来週の金融市場見通し(2022年5月9日~2022年5月13日)
■来週の見通し
米連邦準備制度理事会(FRB)は5月3、4日に開いた米連邦公開市場委員会(FOMC)で、事前の予想通り0.5%の大幅利上げと、米国債などの保有資産を圧縮する量的引締め(QT)の開始を決めました。パウエルFRB議長が0.75%のより大幅な利上げに否定的だったことを好感し、米国株は一旦大きく上昇しましたが、翌日には大幅反落するなど、不安定な動きになっています。来週は4月の米消費者物価指数でインフレのピークアウト観測が広がるかどうか、また国内企業の決算発表なども確認したいところです。
◆株価 :持ち直しの場面も
日本株は、不安定ながら持ち直しの動きを示す場面もありそうです。日本の連休中、米国の金融政策をめぐる思わくで米国市場は大きく変動しました。ただ、米国の利上げについてはすでに相当程度、市場に織り込み済みとみられます。そうした中、米景気への悲観が和らぐにつれ、内外株価は持ち直しの動きとなる見通しです。ただ、世界的な物価情勢は不確実性が強く、それに関連する指標などにより相場が不安定化する場面もありそうです。
◆長期金利 :上昇は限定的
日銀は、「連続指値オペの運用の明確化」として、長期金利が0.25%を超えないよう国債を無制限に買い入れる指値オペを、明らかに応札が見込まれない場合を除き、毎営業日実施することを決めました。米長期金利が3%台に乗せるなど不安定な動きになっていますが、国内の長期金利の上昇は限定的となりそうです。米長期金利の動向に加え、10年国債、30年国債入札などを確認しながら、居所を探ることになりそうです。
◆為替 :堅調地合い継続
日銀が連続指値オペの運用を明確化した一方、FRBは5月のFOMCにおいて、市場予想通り0.5%の利上げと量的引締め開始を決定しました。日米金融政策の方向性の違いがより明確になったことを受け、ドル円は引き続き堅調な展開が見込まれます。今後の米国のインフレ動向によっては、一旦遠のいた0.75%の大幅利上げの可能性もくすぶり続けるとみられることから、米国の早期大幅利上げ観測は引き続きドル円を下支えしそうです。
◆Jリート :方向感を探る
東証REIT指数は、1,950ポイントに近づくと押し目買いが強まり押し戻されるものの、2,000ポイント前後では利益確定売りに押され、1,900ポイント台後半を中心にしたボックス圏での動きが続いています。米長期金利が不安定な動きになっていますが、国内の長期金利の上昇は限定的とみられることは安心材料です。株式市場や長期金利の動向に加え、4月のオフィス空室率などを確認しながら、方向感を探ることになりそうです。
■来週の注目点
景気ウォッチャー調査(4月) 5月12日(木)午後2時発表
景気ウォッチャー調査の現状判断指数(DI)は、3月に前月差10.1ポイント上昇の47.8となりました。ワクチン接種の進展に伴い新型コロナウイルスへの懸念がやや和らぐ中、家計動向関連のうち飲食関連やサービス関連などが持ち直しの動きを見せました。

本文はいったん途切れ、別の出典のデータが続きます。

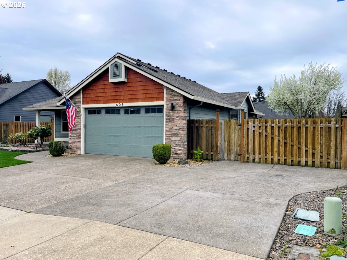 Wonderful single-level, 3 bedroom, 2 bathroom home in the beautiful town of Carlton. This home offers an open concept living room, dining room, and kitchen. Vaulted ceilings in the living room and primary bedroom. The kitchen has updated backsplash, quartz countertops, and stainless steel appliances including built-in microwave, dishwasher, refrigerator and range. The primary bedroom includes an ensuite bathroom with walk-in shower, and a slider to an outdoor patio area. The interior of the home is protected with a fire suppression system installed by the original builder. Another great feature of this property is the large RV pad with 30 amp electrical and located behind the fence for privacy and security. Yard has sprinklers in front and backyard and is fully fenced with gates on both sides. The HOA has a modest annual fee of $165/yr that maintains the common landscaped areas.
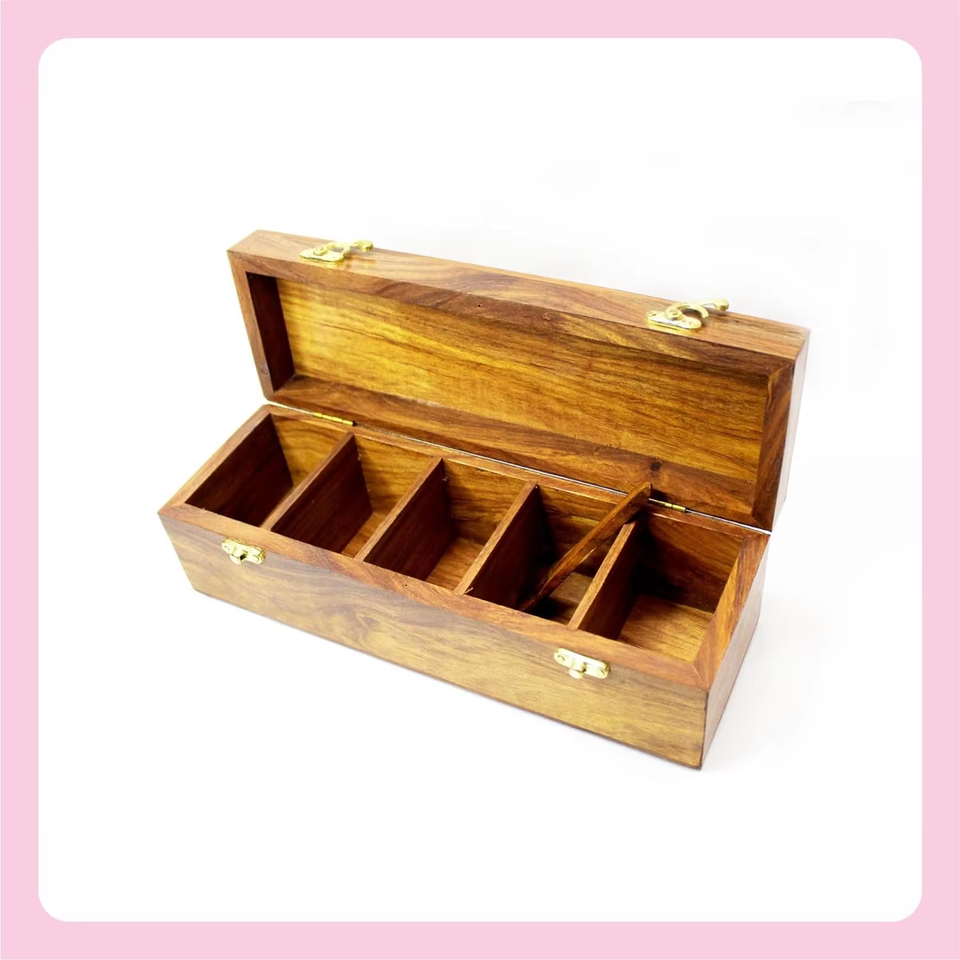 ชุดกล่องเครื่องเทศไม้5ช่องและช้อนเหมาะสำหรับเครื่องเทศผลไม้แห้งมาซาลาบอกซ์สำหรับตกแต่งครัวบ้านและห้องครัว

4月の現状判断指数は、小幅な上昇が見込まれます。感染者数が緩やかながら減少傾向となっており、引き続き飲食関連やサービス関連のほか、小売関連なども改善傾向を示す見込みです。一方、企業動向関連については、ウクライナ紛争を受けた資源高などによるコスト増を背景に、企業の慎重な景況感が示されそうです。
米消費者物価指数(4月) 5月11日(水)午後9時30分発表
3月の米消費者物価指数(CPI)は、総合で前年比8.5%の上昇となり、市場予想をやや上回りました。前月に引き続き、食品やガソリン価格の上昇が顕著でした。一方、変動の大きい食品、エネルギーを除くコアCPIは同6.5%上昇となり、市場予想をやや下回りました。
緊迫した状況が続いているウクライナ情勢を背景に、食品やガソリン価格の高騰は続く可能性が高い一方、コアCPIについては、やや小休止の見方が出ています。4月は総合で前年比8.1%程度の上昇、コアは同6.1%程度の上昇を想定しています。